=== Section Start ===
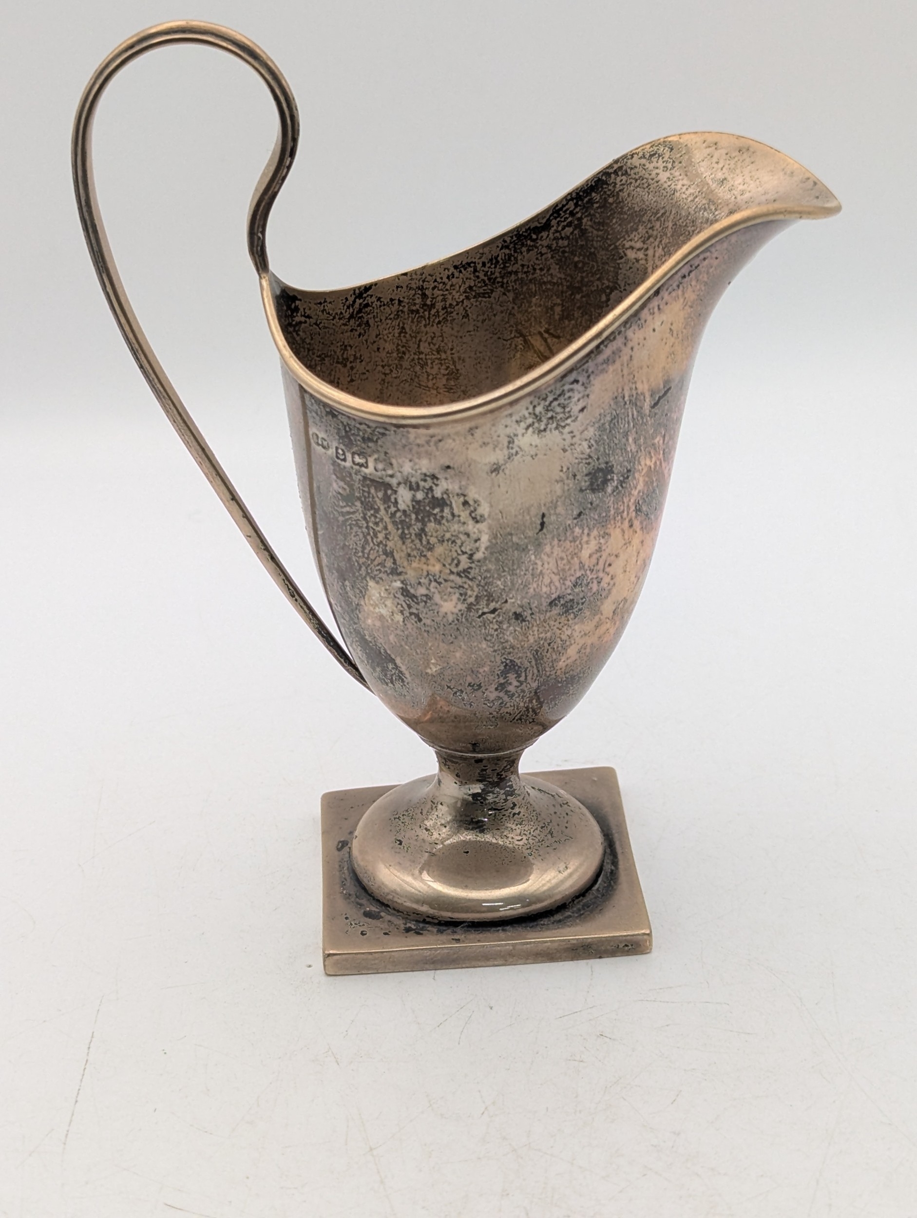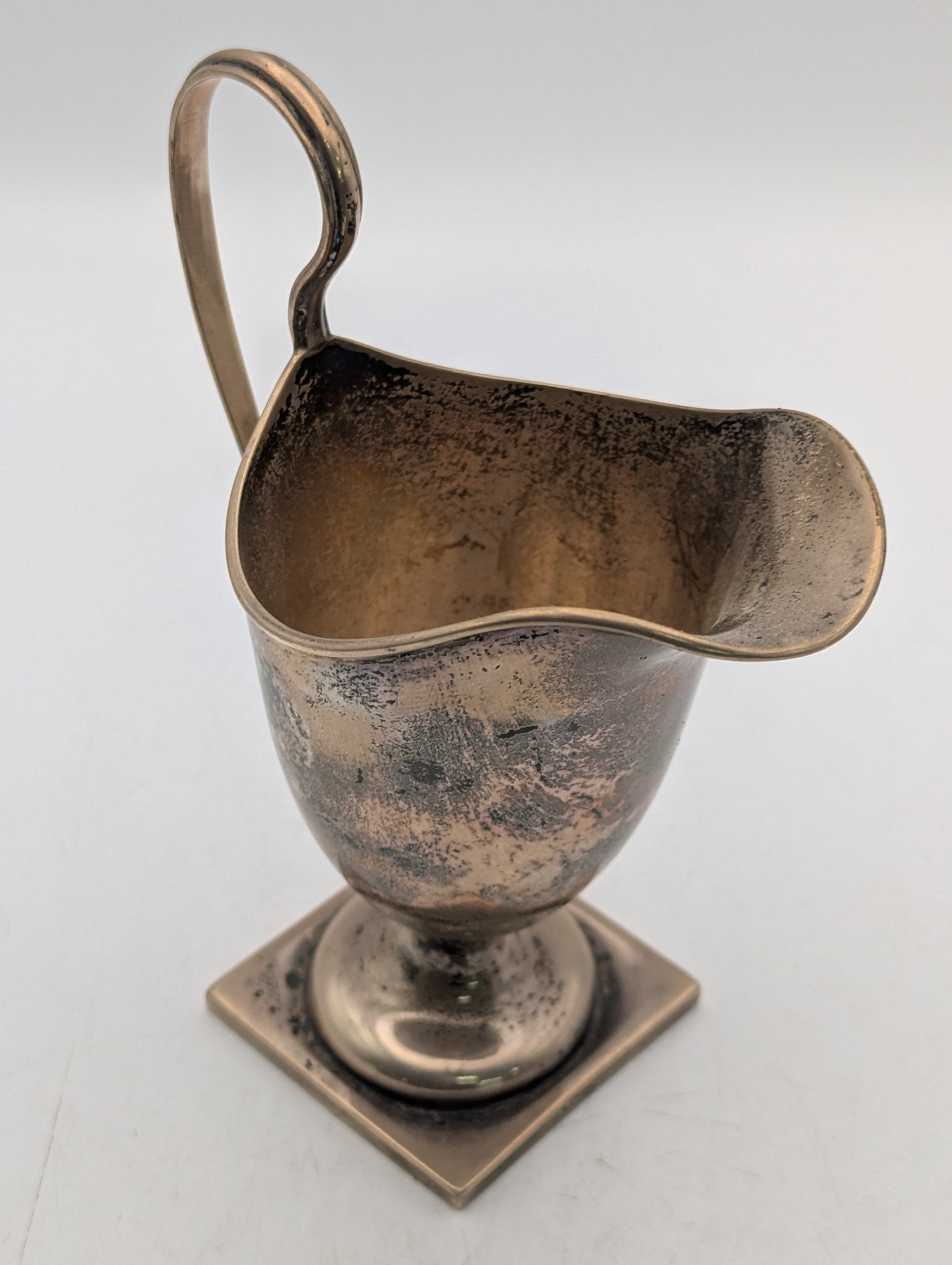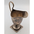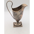 A silver helmet-shaped cream jug on a pedestal square base, 106.7g Location:P
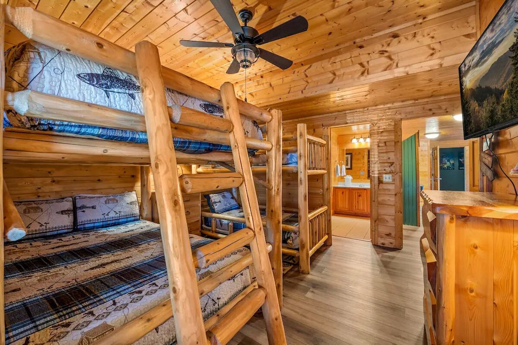 Bedroom #6 (downstairs): Twin-over-Queen bunkbed, TV and private half-bath
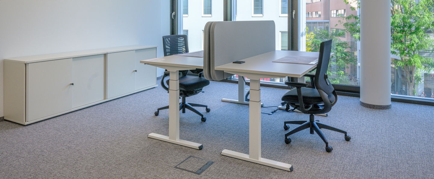 Die Büros sind großzügige, helle Arbeitsbereiche, die bewusst flexibel gestaltet wurden. Alle Arbeitsplätze sind mit höhenverstellbaren Tischen ausgestattet, inklusive Untertischladen für Schreibutensilien und Post-its. Fein abgestimmte Akustikelemente schaffen Ruhe, ohne die Offenheit des Raums zu verlieren. Schiebetürschränke auf niedriger Höhe gliedern Zonen, ohne Grenzen zu ziehen. Die klare, übersichtliche Gestaltung der Räume lenkt den Blick auf das Wesentliche: konzentriertes Arbeiten.
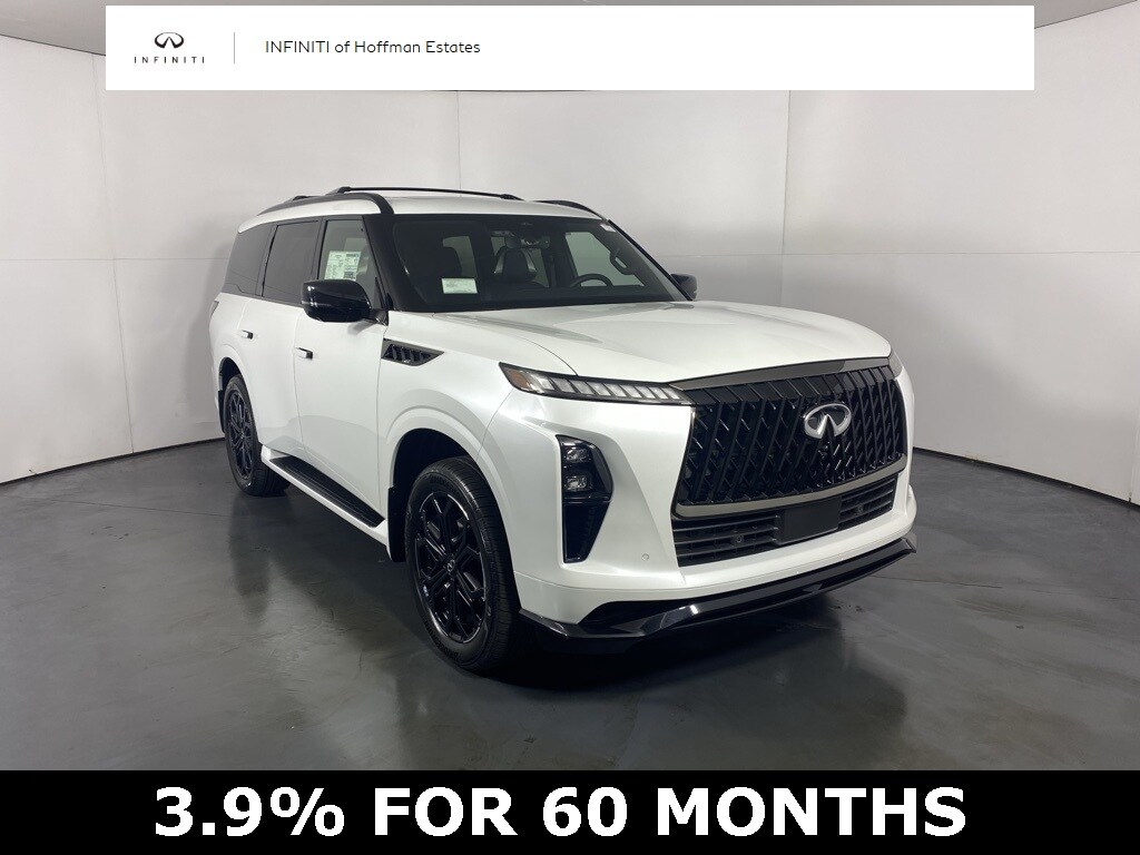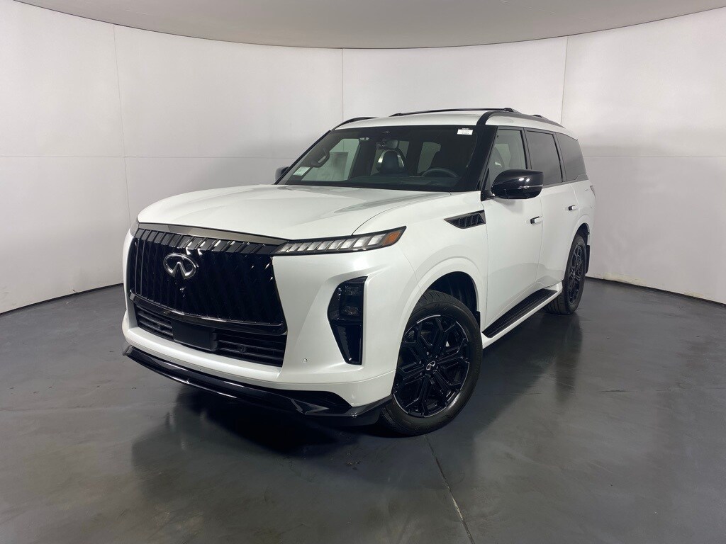 $1,400 below Invoice! Radiant White 2026 INFINITI QX80 SPORT 4WD 9-Speed Automatic 3.5L V6 DOHC 24V ABS brakes, Alloy wheels, Compass, Electronic Stability Control, Front dual zone A/C, Heated door mirrors, Heated front seats, Heated rear seats, Illuminated entry, Low tire pressure warning, Power Liftgate, Power moonroof, Remote keyless entry, Traction control.
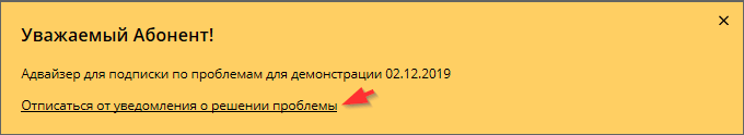 При нажатии кнопки "Отписаться от уведомления о решении проблемы" галочка в соответствующей позиции окна настройки уведомлений будет автоматически удалена.
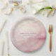 A chic blush pink watercolor wash wedding paper plate featuring elegant pastel gradient designs and clean calligraphy script for spring and summer weddings.
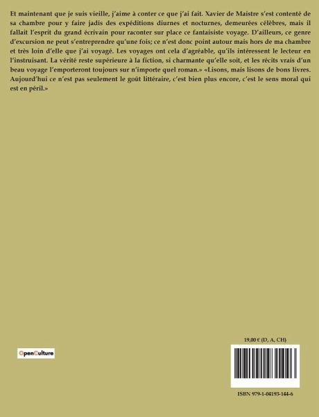 Et maintenant que je suis vieille, j¿aime à conter ce que j¿ai fait. Xavier de Maistre s¿est contenté de sa chambre pour y faire jadis des expéditions diurnes et nocturnes, demeurées célèbres, mais il fallait l¿esprit du grand écrivain pour raconter sur place ce fantaisiste voyage. D¿ailleurs, ce genre d¿excursion ne peut s¿entreprendre qüune fois; ce n¿est donc point autour mais hors de ma chambre et très loin d¿elle que j¿ai voyagé. Les voyages ont cela d¿agréable, qüils intéressent le lecteur en l¿instruisant. La vérité reste supérieure à la fiction, si charmante qüelle soit, et les récits vrais d¿un beau voyage l¿emporteront toujours sur n¿importe quel roman.» «Lisons, mais lisons de bons livres. Aujourd¿hui ce n¿est pas seulement le goût littéraire, c¿est bien plus encore, c¿est le sens moral qui est en péril.»
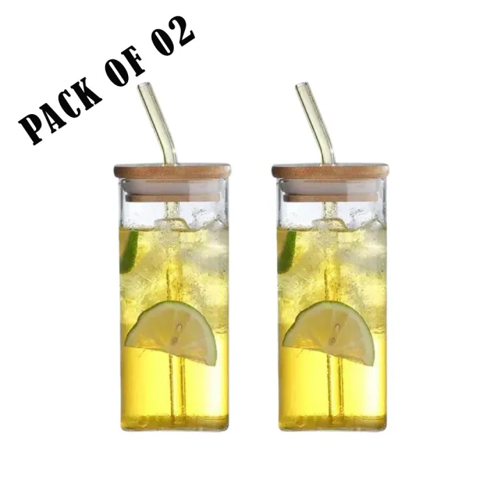 Glass Cup with Straw and Bamboo Lid - Reusable Glass Jar for Iced Coffee, Milk & Cocktail Tumbler, Boba Bubble & Smoothie Cup, Mason Jar - Water Set - Cup for Tea, Coffee Mug - Juice Glass with Straw, Drinkware & Glassware Cold Coffee Cups, Mugs & Saucers
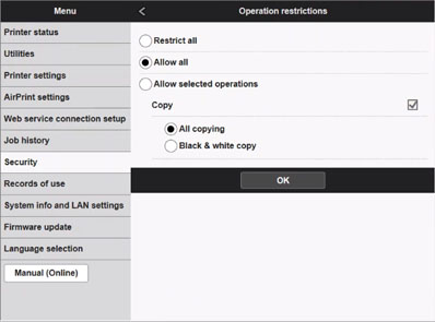 Valige Operation restrictions.
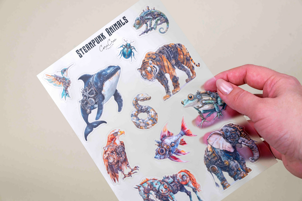 These Steampunk Animals Sticker Sheets showcase an imaginative mix of whimsical animals and industrial steampunk elements, making them perfect for adding a unique, creative touch to your projects. Printed on high-quality washi sticker paper, each design is easy to peel, reposition, and stick, making them ideal for journaling, scrapbooking, and cardmaking. Infuse your creations with a playful steampunk vibe using these versatile, eye-catching stickers.
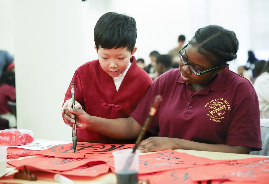 A student from Beijing teaches a student from Medgar Evers College Preparatory School of New York to practice Chinese calligraphy during a culture exchange event in New York, the United States, Feb. 2, 2018. (Xinhua/Wang Ying)
=== Section End ===
**HOW TO COMPLETE THIS TASK**
Transcribe, from the material above, the stretch starting at the line with "Et maintenant que" and ending at the line with "Valige Operation restrictions.", both included, exactly. Do not carry over pictures.

**EXPECTED ANSWER**
 Et maintenant que je suis vieille, j¿aime à conter ce que j¿ai fait. Xavier de Maistre s¿est contenté de sa chambre pour y faire jadis des expéditions diurnes et nocturnes, demeurées célèbres, mais il fallait l¿esprit du grand écrivain pour raconter sur place ce fantaisiste voyage. D¿ailleurs, ce genre d¿excursion ne peut s¿entreprendre qüune fois; ce n¿est donc point autour mais hors de ma chambre et très loin d¿elle que j¿ai voyagé. Les voyages ont cela d¿agréable, qüils intéressent le lecteur en l¿instruisant. La vérité reste supérieure à la fiction, si charmante qüelle soit, et les récits vrais d¿un beau voyage l¿emporteront toujours sur n¿importe quel roman.» «Lisons, mais lisons de bons livres. Aujourd¿hui ce n¿est pas seulement le goût littéraire, c¿est bien plus encore, c¿est le sens moral qui est en péril.»
 Glass Cup with Straw and Bamboo Lid - Reusable Glass Jar for Iced Coffee, Milk & Cocktail Tumbler, Boba Bubble & Smoothie Cup, Mason Jar - Water Set - Cup for Tea, Coffee Mug - Juice Glass with Straw, Drinkware & Glassware Cold Coffee Cups, Mugs & Saucers
 Valige Operation restrictions.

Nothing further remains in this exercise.